Na mega produção, gravada parte no Mosteiro da Batalha, na cidade portuguesa de Leiria, mostra elementos religiosos figuras católicas na época da inquisição, condenando um homem a fogueira.

Quem interpreta este homem é o artista queer performático Mykki Blanco. O americano é famoso por fazer apresentações artísticas com trajes femininos e peruca. Ele também é ativista e portador do vírus HIV.

O vídeo foi também inspirado na história de Joana D’Arc. Sobre a inspiração em Joana, queimada no Século XV, Madonna conta “Ela lutou contra os ingleses e ganhou, ainda assim os franceses não ficaram felizes. Ainda assim eles a julgaram. Eles disseram que ela era um homem, eles disseram que ela era lésbica, eles disseram que ela era uma bruxa, e, no final, eles a queimaram na fogueira, e ela não temeu nada. Eu admiro isso”.

Madonna realmente é uma Rainha.
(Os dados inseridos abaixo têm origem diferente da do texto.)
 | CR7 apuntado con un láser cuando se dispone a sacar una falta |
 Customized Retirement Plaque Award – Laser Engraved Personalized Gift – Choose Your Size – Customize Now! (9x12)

Sua sensibilidade é além do que geralmente as pessoas possuem e através disso consegue nos impactar e nos fazer pensar sobre a sociedade e o mundo em que vivemos.
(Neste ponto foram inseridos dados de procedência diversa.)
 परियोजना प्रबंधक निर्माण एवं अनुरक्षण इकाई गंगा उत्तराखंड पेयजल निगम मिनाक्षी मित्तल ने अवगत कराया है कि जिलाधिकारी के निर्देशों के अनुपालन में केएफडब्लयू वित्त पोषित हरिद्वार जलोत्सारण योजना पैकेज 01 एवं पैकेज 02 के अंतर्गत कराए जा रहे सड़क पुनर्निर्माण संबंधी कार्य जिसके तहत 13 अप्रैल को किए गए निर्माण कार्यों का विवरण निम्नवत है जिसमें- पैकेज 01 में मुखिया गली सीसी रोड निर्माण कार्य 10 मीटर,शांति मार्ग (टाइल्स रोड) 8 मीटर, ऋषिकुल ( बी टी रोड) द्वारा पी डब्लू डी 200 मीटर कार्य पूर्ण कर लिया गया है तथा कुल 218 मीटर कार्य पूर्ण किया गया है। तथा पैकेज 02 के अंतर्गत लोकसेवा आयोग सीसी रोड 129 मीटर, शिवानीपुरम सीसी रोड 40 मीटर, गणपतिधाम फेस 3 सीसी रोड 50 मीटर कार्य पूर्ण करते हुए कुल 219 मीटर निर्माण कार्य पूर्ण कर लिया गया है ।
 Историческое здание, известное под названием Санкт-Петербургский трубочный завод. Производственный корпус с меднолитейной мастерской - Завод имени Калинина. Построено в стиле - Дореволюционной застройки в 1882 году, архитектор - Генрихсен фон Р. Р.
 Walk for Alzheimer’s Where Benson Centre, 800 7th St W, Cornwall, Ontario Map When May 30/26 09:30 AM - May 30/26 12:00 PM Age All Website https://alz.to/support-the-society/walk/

Ao mostrar que em muitos aspectos, a humanidade é retrocessa, a diva pop nos impulsiona a tentar mudar esse quadro e nos faz ter esperança. Nesse clipe ela consegue fazer com que percebamos que de alguma forma, alguns aspectos de séculos passados continuam intrínsecos nos dias de hoje. Além de fazer um belo protesto.

A nova canção também nos lembra a importância de não ficarmos calados diante de injustiças e daquilo que acreditamos que tem de ser mudado.